> **How to complete this task**
Pictures stay out. Extract the lines below from the first one through the line with "Tempt and tease", both included.

[Record set]

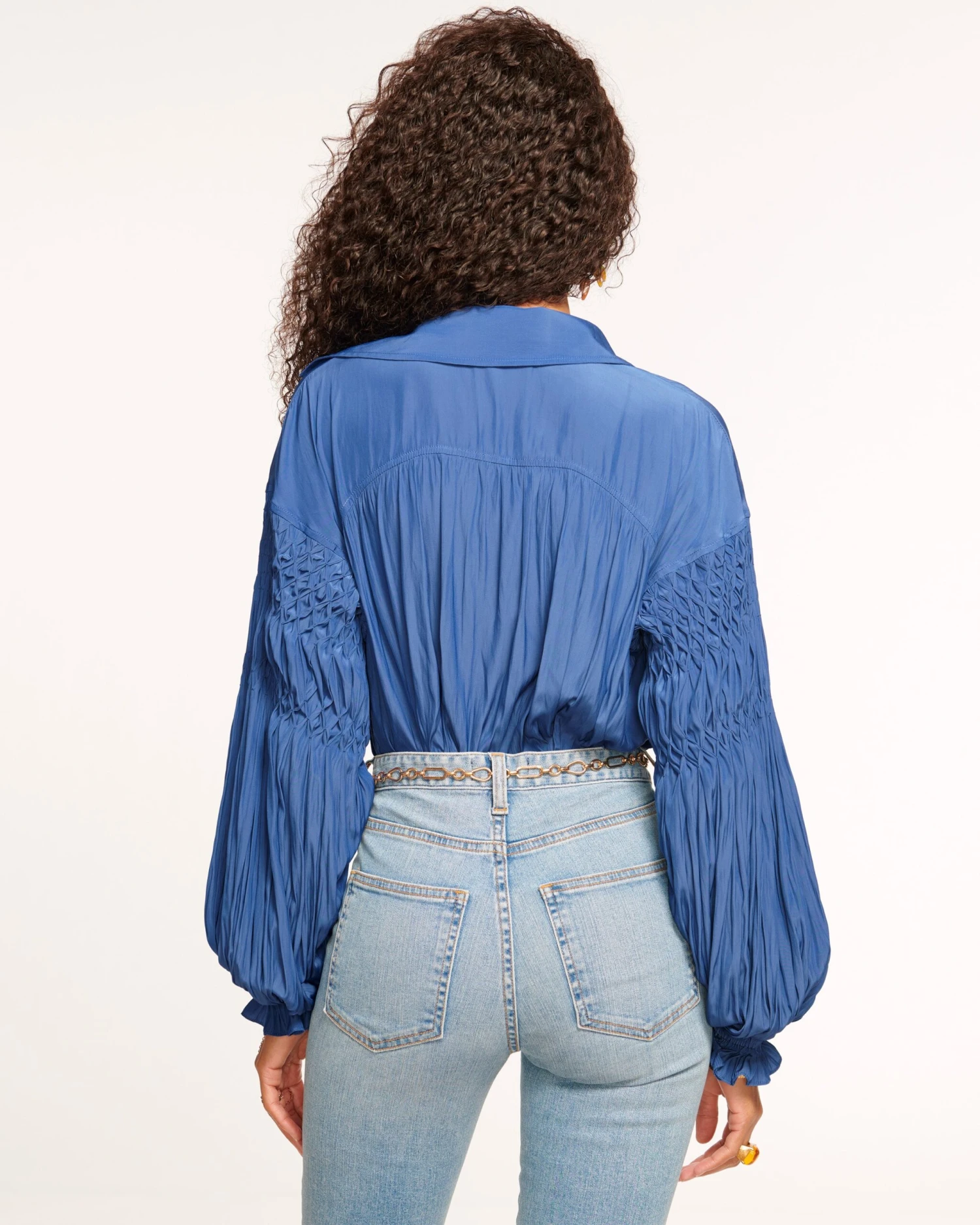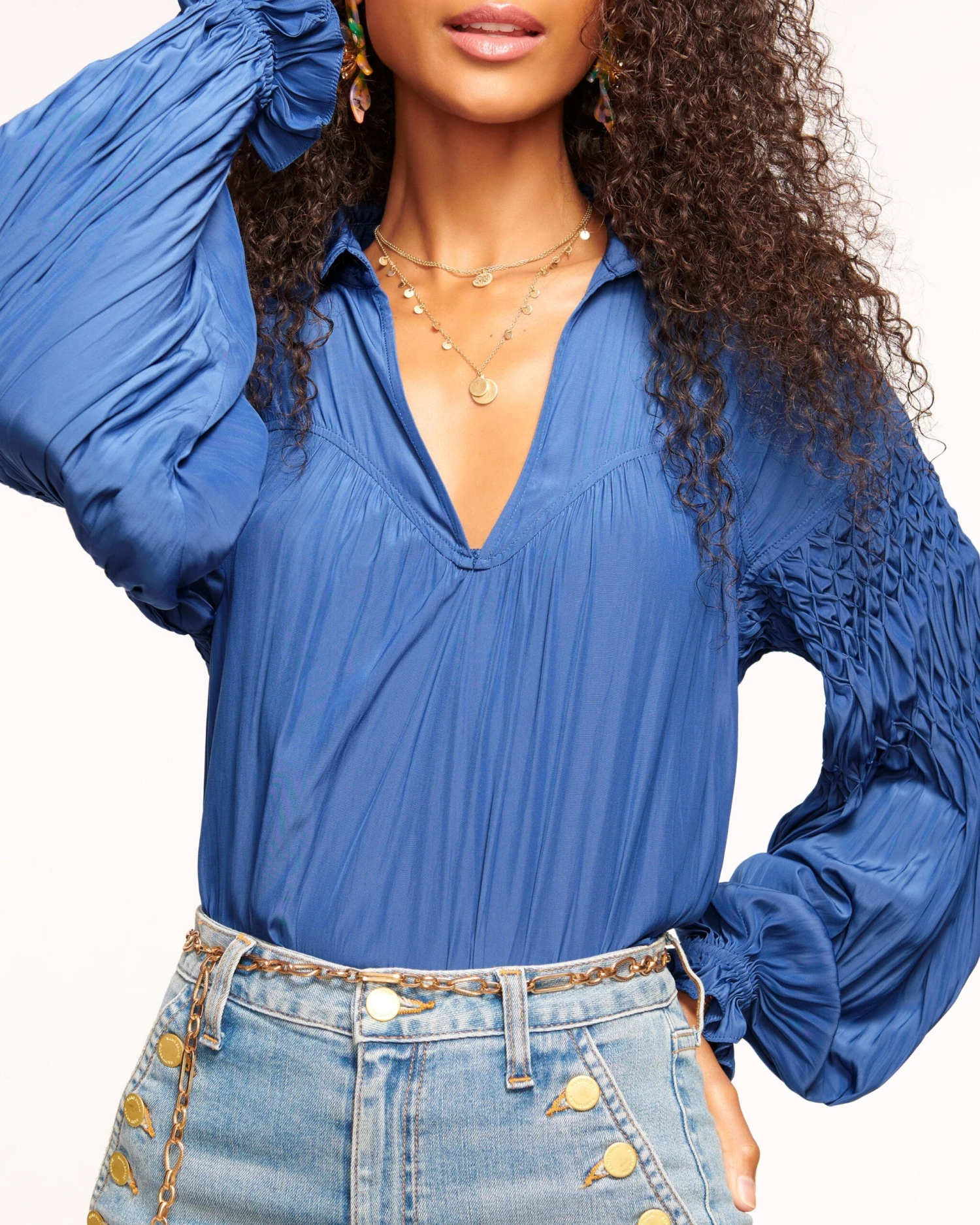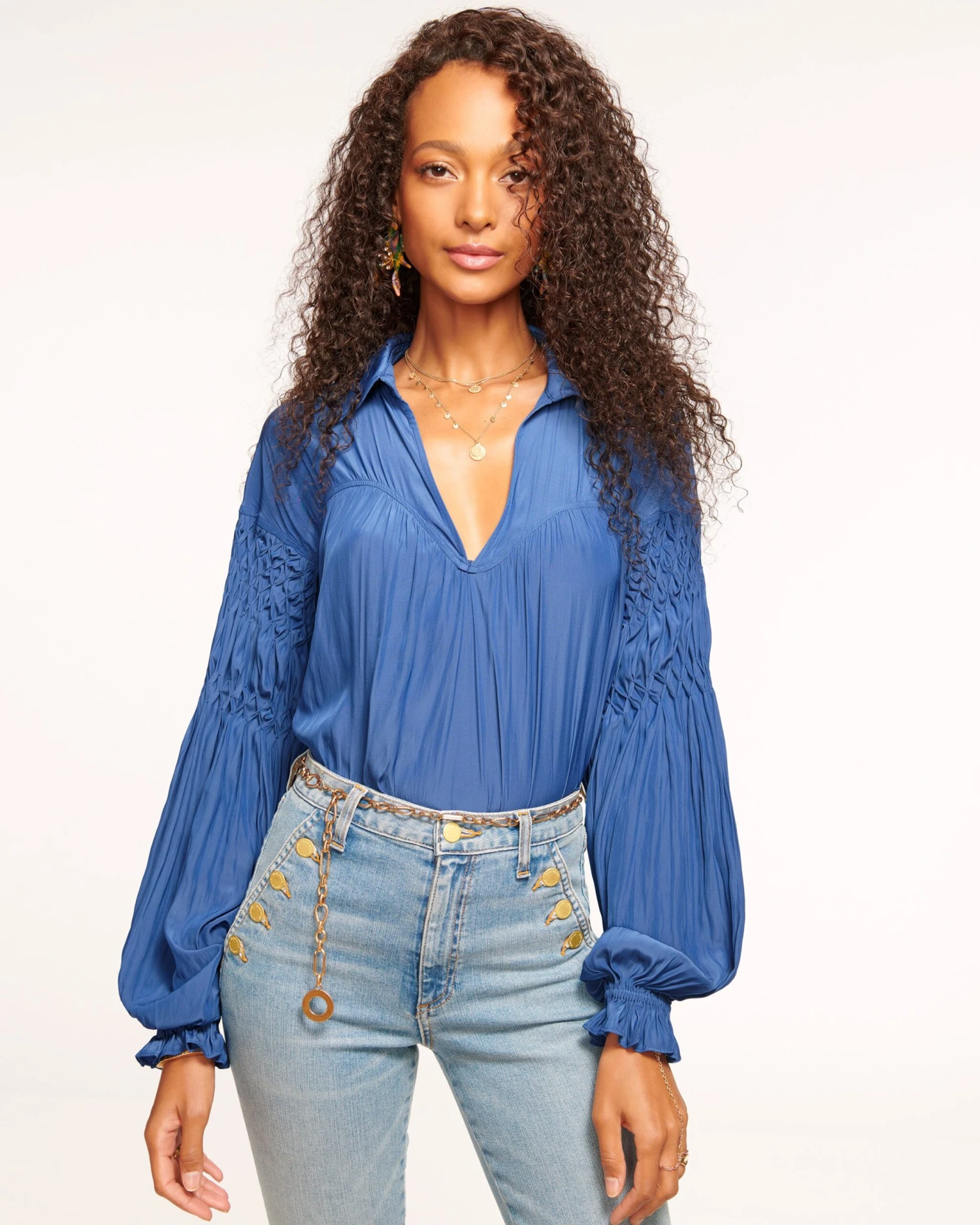 A beautiful blend of sophisticated and modern, the Scarlett is the perfect blouse to complement your style. The intricate details on the flowing sleeves provide a charming touch, while the timeless collared silhouette lends a refined feel to this sweet design.
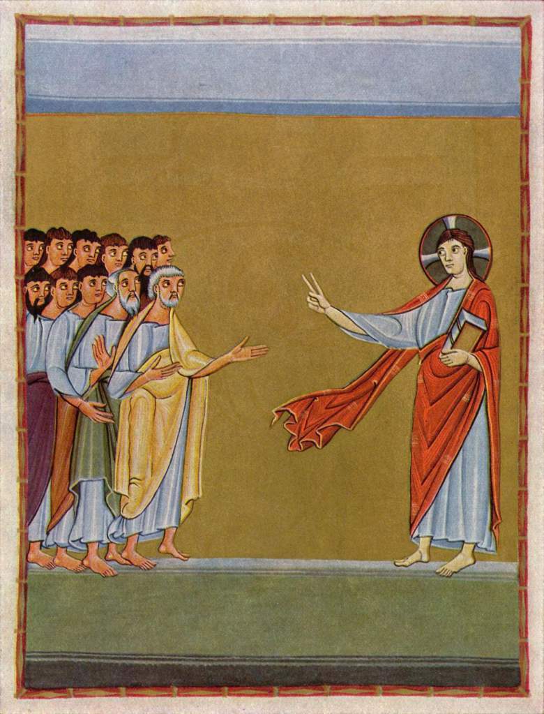 2- Jésus demande aux femmes d’envoyer les disciples en Galilée où ils le verront de leurs propres yeux. C’est là qu’il apparaît aux disciples pour leur donner les instructions que l’on appelle souvent « la grande mission » (versets 16 à 20).
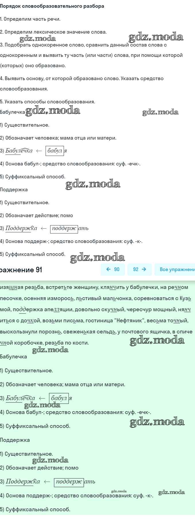 ОТВЕТ на задание № 91 Учебник по Русскому языку 7 класс Разумовская УМК
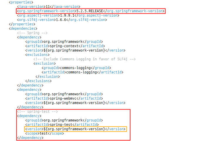 현재 사용 중인 스프링 프레임워크의 버전을 통일하기 위해서는 <version> 태그의 값properties에 설정되어 있는 값을 가져올 수 있도록 ${org.springframework-version}로 설정하여야 합니다.
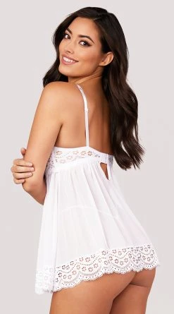 Tempt and tease in this sultry babydoll set featuring sheer mesh cups with a scalloped eyelash lace trim, an allover striped pattern, peekaboo underboob panels, adjustable spaghetti straps with eyelash lace detailing, a satin bow accent, a sheer striped skirt with an eyelash lace trim, open sides, and a matching thong with side tie closures.
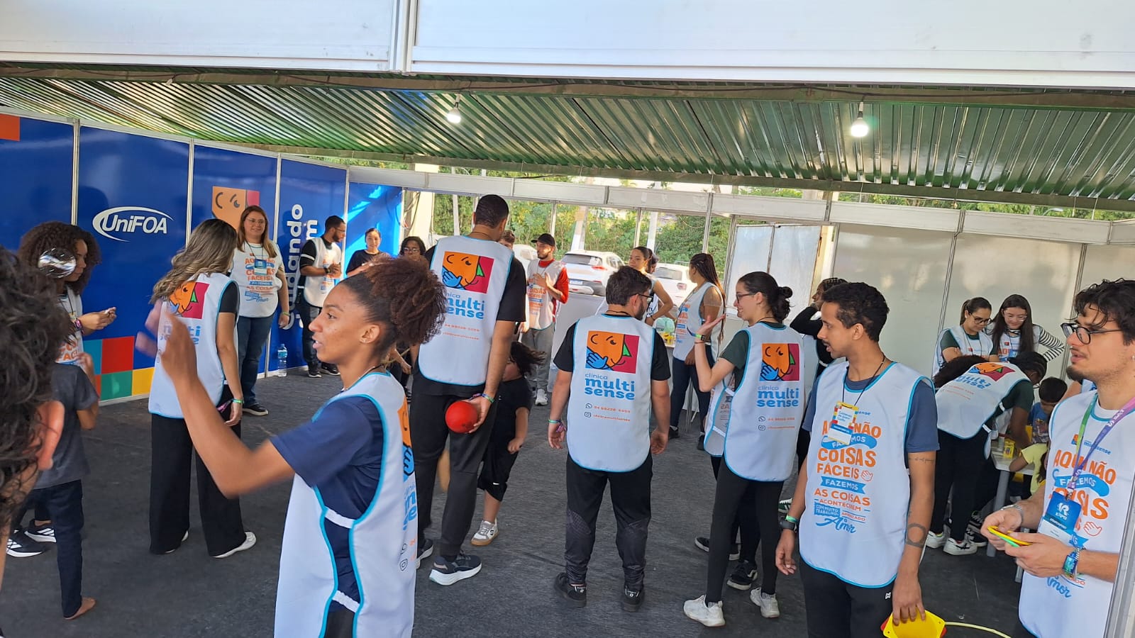 A participação dos estudantes do UniFOA foi destacada pela pró-reitora de Extensão da instituição, Carolina Callegario. “Fizemos uma parceria com a Clínica Multisense disponibilizando alunos que vieram como voluntários. Nós entramos em contato com os alunos do curso de Educação Física e eles prontamente atenderam, mesmo no período de férias. Em torno de 40 alunos estão aqui desde de manhã, participaram de uma capacitação para trabalhar com pessoas neurodivergentes, almoçaram por aqui e agora estão atendendo, de fato, essas crianças, apoiando o projeto Cuidando de Quem Cuida da Clínica Multisense.” Carolina também reforçou o valor educativo e ético da atividade para os futuros profissionais.

[/Record set]

> **Answer to the problem**
 A beautiful blend of sophisticated and modern, the Scarlett is the perfect blouse to complement your style. The intricate details on the flowing sleeves provide a charming touch, while the timeless collared silhouette lends a refined feel to this sweet design.
 2- Jésus demande aux femmes d’envoyer les disciples en Galilée où ils le verront de leurs propres yeux. C’est là qu’il apparaît aux disciples pour leur donner les instructions que l’on appelle souvent « la grande mission » (versets 16 à 20).
 ОТВЕТ на задание № 91 Учебник по Русскому языку 7 класс Разумовская УМК
 현재 사용 중인 스프링 프레임워크의 버전을 통일하기 위해서는 <version> 태그의 값properties에 설정되어 있는 값을 가져올 수 있도록 ${org.springframework-version}로 설정하여야 합니다.
 Tempt and tease in this sultry babydoll set featuring sheer mesh cups with a scalloped eyelash lace trim, an allover striped pattern, peekaboo underboob panels, adjustable spaghetti straps with eyelash lace detailing, a satin bow accent, a sheer striped skirt with an eyelash lace trim, open sides, and a matching thong with side tie closures.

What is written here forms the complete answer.